Given data Start Marker

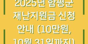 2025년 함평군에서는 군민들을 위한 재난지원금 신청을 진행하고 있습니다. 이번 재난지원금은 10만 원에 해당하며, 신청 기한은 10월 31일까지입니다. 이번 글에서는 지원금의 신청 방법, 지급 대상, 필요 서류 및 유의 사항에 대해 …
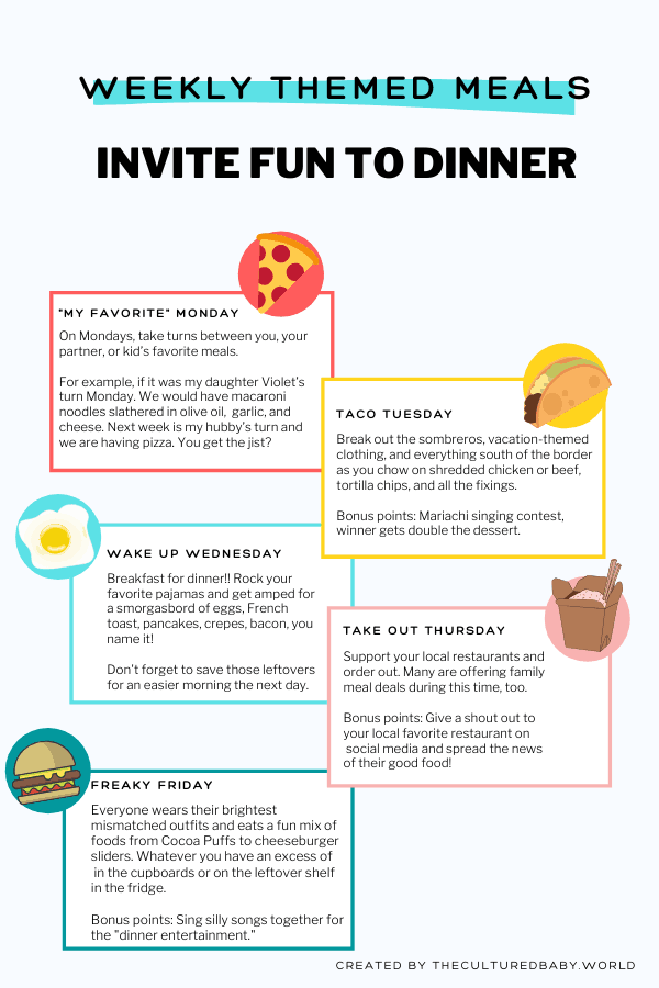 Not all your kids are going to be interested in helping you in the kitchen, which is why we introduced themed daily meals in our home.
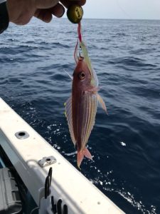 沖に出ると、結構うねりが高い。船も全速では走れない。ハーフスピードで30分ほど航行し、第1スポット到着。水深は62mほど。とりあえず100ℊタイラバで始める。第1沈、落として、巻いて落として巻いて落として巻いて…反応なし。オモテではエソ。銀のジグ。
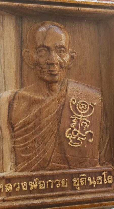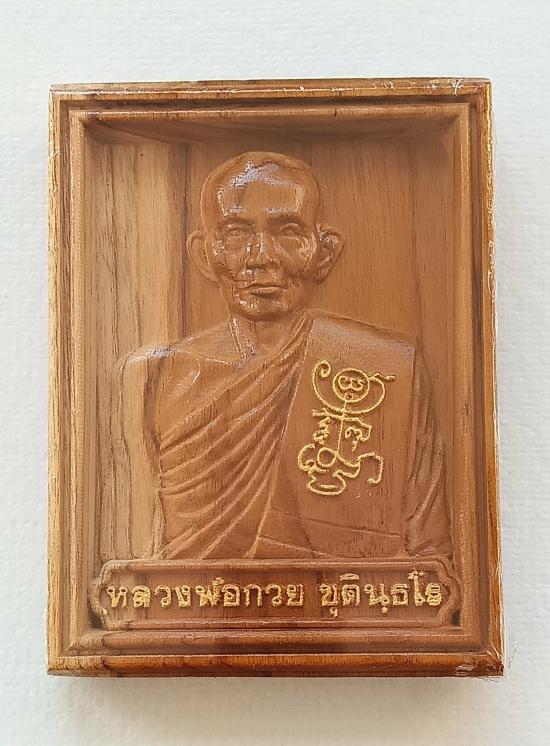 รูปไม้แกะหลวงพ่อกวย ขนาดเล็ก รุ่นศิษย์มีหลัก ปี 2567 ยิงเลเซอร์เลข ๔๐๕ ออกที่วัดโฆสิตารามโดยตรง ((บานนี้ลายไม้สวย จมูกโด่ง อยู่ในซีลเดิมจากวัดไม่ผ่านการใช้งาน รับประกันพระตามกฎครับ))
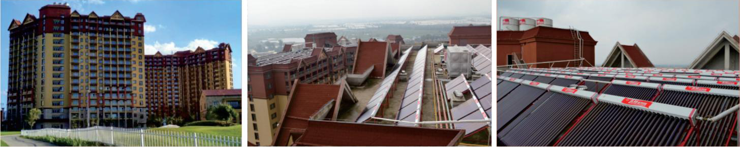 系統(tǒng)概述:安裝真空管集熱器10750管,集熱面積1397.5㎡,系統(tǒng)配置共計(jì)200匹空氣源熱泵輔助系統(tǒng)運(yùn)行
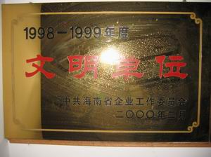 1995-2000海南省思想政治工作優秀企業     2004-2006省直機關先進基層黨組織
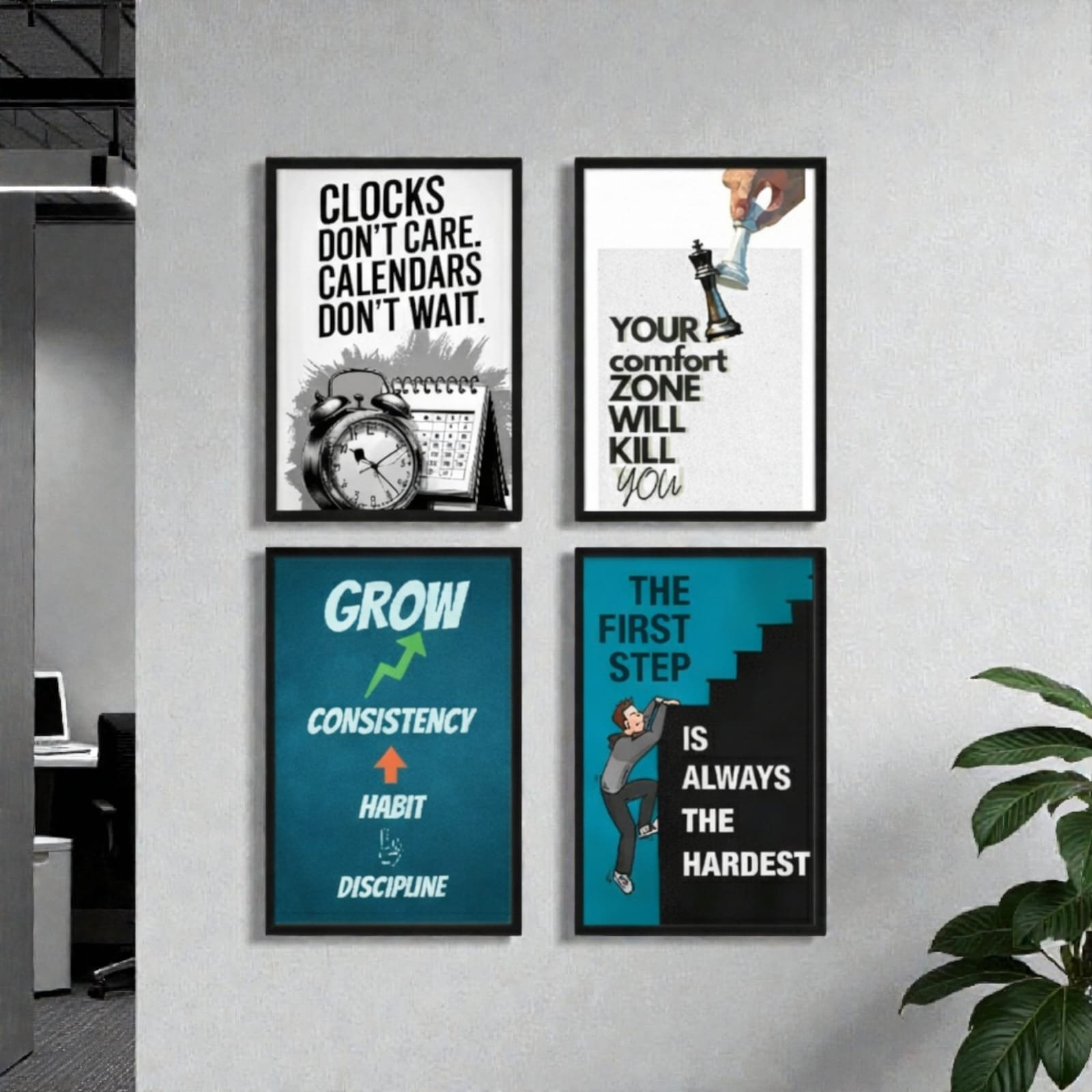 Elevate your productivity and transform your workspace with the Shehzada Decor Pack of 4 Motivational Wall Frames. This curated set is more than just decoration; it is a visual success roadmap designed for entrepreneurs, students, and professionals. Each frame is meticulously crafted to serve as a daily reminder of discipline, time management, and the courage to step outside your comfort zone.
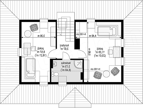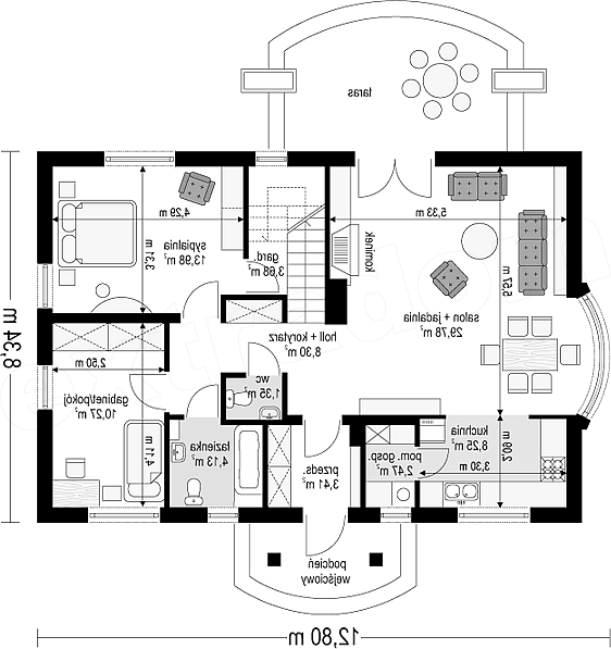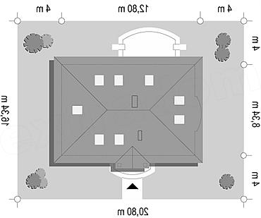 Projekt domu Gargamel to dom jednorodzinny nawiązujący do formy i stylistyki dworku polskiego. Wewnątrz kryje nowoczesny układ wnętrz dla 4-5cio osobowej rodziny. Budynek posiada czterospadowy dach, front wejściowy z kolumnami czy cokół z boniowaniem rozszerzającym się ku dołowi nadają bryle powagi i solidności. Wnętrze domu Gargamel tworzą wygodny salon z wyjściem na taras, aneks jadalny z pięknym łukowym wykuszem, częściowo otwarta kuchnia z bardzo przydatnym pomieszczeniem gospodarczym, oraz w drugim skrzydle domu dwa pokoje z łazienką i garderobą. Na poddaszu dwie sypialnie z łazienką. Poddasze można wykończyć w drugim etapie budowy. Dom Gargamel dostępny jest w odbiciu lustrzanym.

Given data End Marker

▶ [Required work]:
Your answer must consist of the entries, unchanged, with no pictures in it.

▶ [Solved exercise]:
 2025년 함평군에서는 군민들을 위한 재난지원금 신청을 진행하고 있습니다. 이번 재난지원금은 10만 원에 해당하며, 신청 기한은 10월 31일까지입니다. 이번 글에서는 지원금의 신청 방법, 지급 대상, 필요 서류 및 유의 사항에 대해 …
 Not all your kids are going to be interested in helping you in the kitchen, which is why we introduced themed daily meals in our home.
 沖に出ると、結構うねりが高い。船も全速では走れない。ハーフスピードで30分ほど航行し、第1スポット到着。水深は62mほど。とりあえず100ℊタイラバで始める。第1沈、落として、巻いて落として巻いて落として巻いて…反応なし。オモテではエソ。銀のジグ。
 รูปไม้แกะหลวงพ่อกวย ขนาดเล็ก รุ่นศิษย์มีหลัก ปี 2567 ยิงเลเซอร์เลข ๔๐๕ ออกที่วัดโฆสิตารามโดยตรง ((บานนี้ลายไม้สวย จมูกโด่ง อยู่ในซีลเดิมจากวัดไม่ผ่านการใช้งาน รับประกันพระตามกฎครับ))
 系統(tǒng)概述:安裝真空管集熱器10750管,集熱面積1397.5㎡,系統(tǒng)配置共計(jì)200匹空氣源熱泵輔助系統(tǒng)運(yùn)行
 1995-2000海南省思想政治工作優秀企業     2004-2006省直機關先進基層黨組織
 Elevate your productivity and transform your workspace with the Shehzada Decor Pack of 4 Motivational Wall Frames. This curated set is more than just decoration; it is a visual success roadmap designed for entrepreneurs, students, and professionals. Each frame is meticulously crafted to serve as a daily reminder of discipline, time management, and the courage to step outside your comfort zone.
 Projekt domu Gargamel to dom jednorodzinny nawiązujący do formy i stylistyki dworku polskiego. Wewnątrz kryje nowoczesny układ wnętrz dla 4-5cio osobowej rodziny. Budynek posiada czterospadowy dach, front wejściowy z kolumnami czy cokół z boniowaniem rozszerzającym się ku dołowi nadają bryle powagi i solidności. Wnętrze domu Gargamel tworzą wygodny salon z wyjściem na taras, aneks jadalny z pięknym łukowym wykuszem, częściowo otwarta kuchnia z bardzo przydatnym pomieszczeniem gospodarczym, oraz w drugim skrzydle domu dwa pokoje z łazienką i garderobą. Na poddaszu dwie sypialnie z łazienką. Poddasze można wykończyć w drugim etapie budowy. Dom Gargamel dostępny jest w odbiciu lustrzanym.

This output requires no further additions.